Returns: - energy prediction (batch, 1, time1): Tensor produced by energy predictor - energy embedding (batch, channels, time1): Tensor produced energy adaptor - average energy target(train only) (batch, 1, time1): Tensor produced after averaging over durations

Source code in models/tts/delightful_tts/acoustic_model/energy_adaptor.py

class EnergyAdaptor(nn.Module):
    """Variance Adaptor with an added 1D conv layer.
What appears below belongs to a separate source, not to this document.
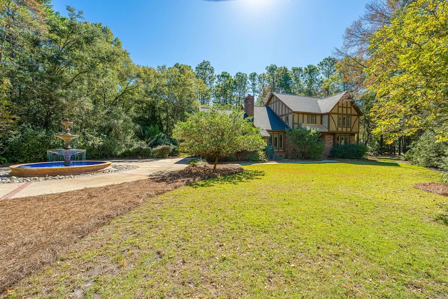 ***$25,000 Price Adjustment***Don't miss this truly unique opportunity to own a charming, immaculately-kept 5-bedroom, 4-bathroom Tudor home situated on an expansive 3-acre private property. Located in the coveted Hamlet Community of Hollywood, this estate offers a rare blend of stately tradition and investment potential. Step inside this two-story home to find a warm, traditional interior designed for both grand entertaining and comfortable family life. An elegant foyer featuring a gorgeous, sweeping staircase introduces the bright formal living room and the sophisticated formal dining room, which features classic chair railing and wainscoting. The huge eat-in kitchen is the heart of the home, equipped with a large island, stainless steel appliances, abundant cabinetry, and ample counter space, all finished with durable tile flooring. From the kitchen sink, you can easily watch your children play in the backyard. For relaxation, the cozy family room features a warm brick fireplace and direct access to a spacious, sunlit screened-in porch. Additionally, a versatile bonus room above the garage is ideal for a media center, playroom, or home gym. The stunning grounds provide exceptional curb appeal and privacy. The grand entrance is marked by a beautiful fountain centerpiece, and the landscape boasts over 100 azalea bushes that burst with colorful blooms every spring. Outside, you can entertain or relax on the back deck while enjoying the natural surroundings, including a wooded barrier at the rear that ensures extra privacy. As a resident of The Hamlet, you will also have access to exclusive community amenities, including a play park, tennis court, and a serene fish stocked lake area complete with a dock, pier, boat landing and a covered space for lakeside gatherings. Finally, for an effortless transition, the majority of the beautiful furniture is negotiable and can convey with the sale.

Used to
    get energy embeddings.

    Args:
        channels_in (int): Number of in channels for conv layers.
        channels_out (int): Number of out channels.
        kernel_size (int): Size the kernel for the conv layers.
        dropout (float): Probability of dropout.
        leaky_relu_slope (float): Slope for the leaky relu.
        emb_kernel_size (int): Size the kernel for the pitch embedding.

    Inputs: inputs, mask
        - **inputs** (batch, time1, dim): Tensor containing input vector
        - **target** (batch, 1, time2): Tensor containing the energy target
        - **dr** (batch, time1): Tensor containing aligner durations vector
        - **mask** (batch, time1): Tensor containing indices to be masked
    Returns:
        - **energy prediction** (batch, 1, time1): Tensor produced by energy predictor
        - **energy embedding** (batch, channels, time1): Tensor produced energy adaptor
        - **average energy target(train only)** (batch, 1, time1): Tensor produced after averaging over durations

    """

    def __init__(
        self,
        channels_in: int,
        channels_hidden: int,
        channels_out: int,
        kernel_size: int,
        dropout: float,
        leaky_relu_slope: float,
        emb_kernel_size: int,
    ):
        super().__init__()
        self.energy_predictor = VariancePredictor(
            channels_in=channels_in,
            channels=channels_hidden,
            channels_out=channels_out,
            kernel_size=kernel_size,
            p_dropout=dropout,
            leaky_relu_slope=leaky_relu_slope,
        )
        self.energy_emb = nn.Conv1d(
            1,
            channels_hidden,
            kernel_size=emb_kernel_size,
            padding=int((emb_kernel_size - 1) / 2),
        )

    def get_energy_embedding_train(
        self,
        x: torch.Tensor,
        target: torch.Tensor,
        dr: torch.Tensor,
        mask: torch.Tensor,
    ) -> Tuple[torch.Tensor, torch.Tensor, torch.Tensor]:
        r"""Function is used during training to get the energy prediction, average energy target, and energy embedding.

        Args:
            x (torch.Tensor): A 3D tensor of shape [B, T_src, C] where B is the batch size,
                            T_src is the source sequence length, and C is the number of channels.
            target (torch.Tensor): A 3D tensor of shape [B, 1, T_max2] where B is the batch size,
                                T_max2 is the maximum target sequence length.
            dr (torch.Tensor): A 2D tensor of shape [B, T_src] where B is the batch size,
                                T_src is the source sequence length. The values represent the durations.
            mask (torch.Tensor): A 2D tensor of shape [B, T_src] where B is the batch size,
                                T_src is the source sequence length. The values represent the mask.

        Returns:
            energy_pred (torch.Tensor): A 3D tensor of shape [B, 1, T_src] where B is the batch size,
                                        T_src is the source sequence length. The values represent the energy prediction.
            avg_energy_target (torch.Tensor): A 3D tensor of shape [B, 1, T_src] where B is the batch size,
                                            T_src is the source sequence length. The values represent the average energy target.
            energy_emb (torch.Tensor): A 3D tensor of shape [B, C, T_src] where B is the batch size,
                                    C is the number of channels, T_src is the source sequence length. The values represent the energy embedding.
        Shapes:
            x: :math: `[B, T_src, C]`
            target: :math: `[B, 1, T_max2]`
            dr: :math: `[B, T_src]`
            mask: :math: `[B, T_src]`
        """
        energy_pred = self.energy_predictor.forward(x, mask)
        energy_pred = energy_pred.unsqueeze(1)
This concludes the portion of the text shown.